[Stored data]
━━━━━━━━

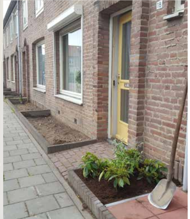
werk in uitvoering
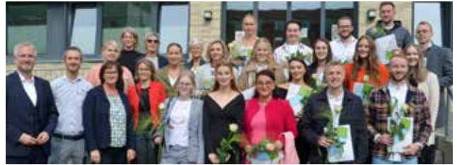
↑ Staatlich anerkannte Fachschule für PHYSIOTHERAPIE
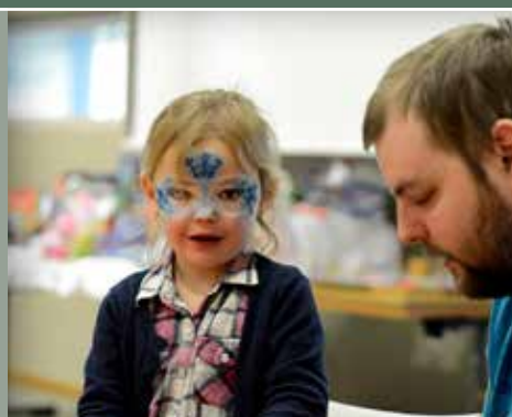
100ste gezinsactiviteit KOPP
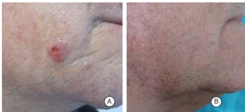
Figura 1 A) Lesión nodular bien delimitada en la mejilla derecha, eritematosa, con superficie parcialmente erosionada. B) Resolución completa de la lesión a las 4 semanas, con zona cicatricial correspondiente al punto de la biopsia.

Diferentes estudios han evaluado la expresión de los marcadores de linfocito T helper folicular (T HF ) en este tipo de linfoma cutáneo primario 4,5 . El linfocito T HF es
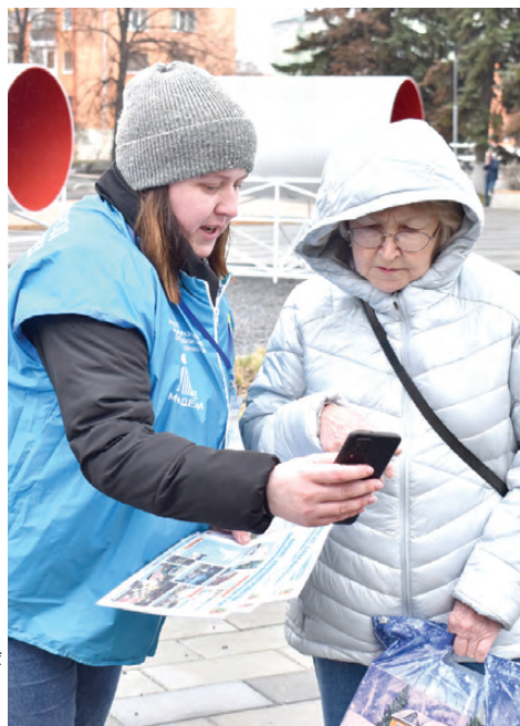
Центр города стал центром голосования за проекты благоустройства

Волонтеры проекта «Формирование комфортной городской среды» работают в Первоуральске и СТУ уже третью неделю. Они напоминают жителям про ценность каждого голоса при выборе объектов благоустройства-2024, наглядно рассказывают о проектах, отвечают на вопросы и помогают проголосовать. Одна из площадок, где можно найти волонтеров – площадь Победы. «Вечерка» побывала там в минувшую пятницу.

━━━━━━━━

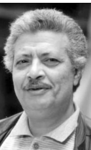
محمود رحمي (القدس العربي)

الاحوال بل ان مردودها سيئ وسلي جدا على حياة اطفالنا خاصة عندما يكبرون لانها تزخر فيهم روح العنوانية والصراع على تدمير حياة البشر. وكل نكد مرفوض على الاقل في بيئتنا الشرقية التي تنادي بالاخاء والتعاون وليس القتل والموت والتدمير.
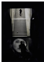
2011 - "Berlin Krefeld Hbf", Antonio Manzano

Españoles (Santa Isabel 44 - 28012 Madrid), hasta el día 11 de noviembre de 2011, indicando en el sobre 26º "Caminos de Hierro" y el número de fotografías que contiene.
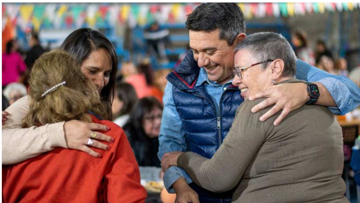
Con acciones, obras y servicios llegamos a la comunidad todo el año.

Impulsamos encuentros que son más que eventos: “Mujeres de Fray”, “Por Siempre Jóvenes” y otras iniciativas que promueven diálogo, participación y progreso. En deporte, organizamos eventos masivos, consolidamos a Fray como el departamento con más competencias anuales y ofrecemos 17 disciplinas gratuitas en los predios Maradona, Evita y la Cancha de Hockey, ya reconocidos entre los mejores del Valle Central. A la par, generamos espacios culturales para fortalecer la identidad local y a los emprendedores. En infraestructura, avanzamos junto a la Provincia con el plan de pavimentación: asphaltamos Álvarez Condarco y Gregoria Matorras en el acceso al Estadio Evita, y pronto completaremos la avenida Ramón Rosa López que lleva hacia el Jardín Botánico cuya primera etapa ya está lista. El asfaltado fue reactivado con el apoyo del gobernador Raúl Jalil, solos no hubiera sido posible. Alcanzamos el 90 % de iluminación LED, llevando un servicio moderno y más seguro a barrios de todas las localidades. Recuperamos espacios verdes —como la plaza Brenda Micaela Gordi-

━━━━━━━━

Problem details
Your copy should hold only the lines above from the one containing "werk in uitvoering" through the one containing "в минувшую пятницу.", exactly as written and free of pictures.

Answer space
werk in uitvoering
↑ Staatlich anerkannte Fachschule für PHYSIOTHERAPIE
100ste gezinsactiviteit KOPP
Figura 1 A) Lesión nodular bien delimitada en la mejilla derecha, eritematosa, con superficie parcialmente erosionada. B) Resolución completa de la lesión a las 4 semanas, con zona cicatricial correspondiente al punto de la biopsia.

Diferentes estudios han evaluado la expresión de los marcadores de linfocito T helper folicular (T HF ) en este tipo de linfoma cutáneo primario 4,5 . El linfocito T HF es
Центр города стал центром голосования за проекты благоустройства

Волонтеры проекта «Формирование комфортной городской среды» работают в Первоуральске и СТУ уже третью неделю. Они напоминают жителям про ценность каждого голоса при выборе объектов благоустройства-2024, наглядно рассказывают о проектах, отвечают на вопросы и помогают проголосовать. Одна из площадок, где можно найти волонтеров – площадь Победы. «Вечерка» побывала там в минувшую пятницу.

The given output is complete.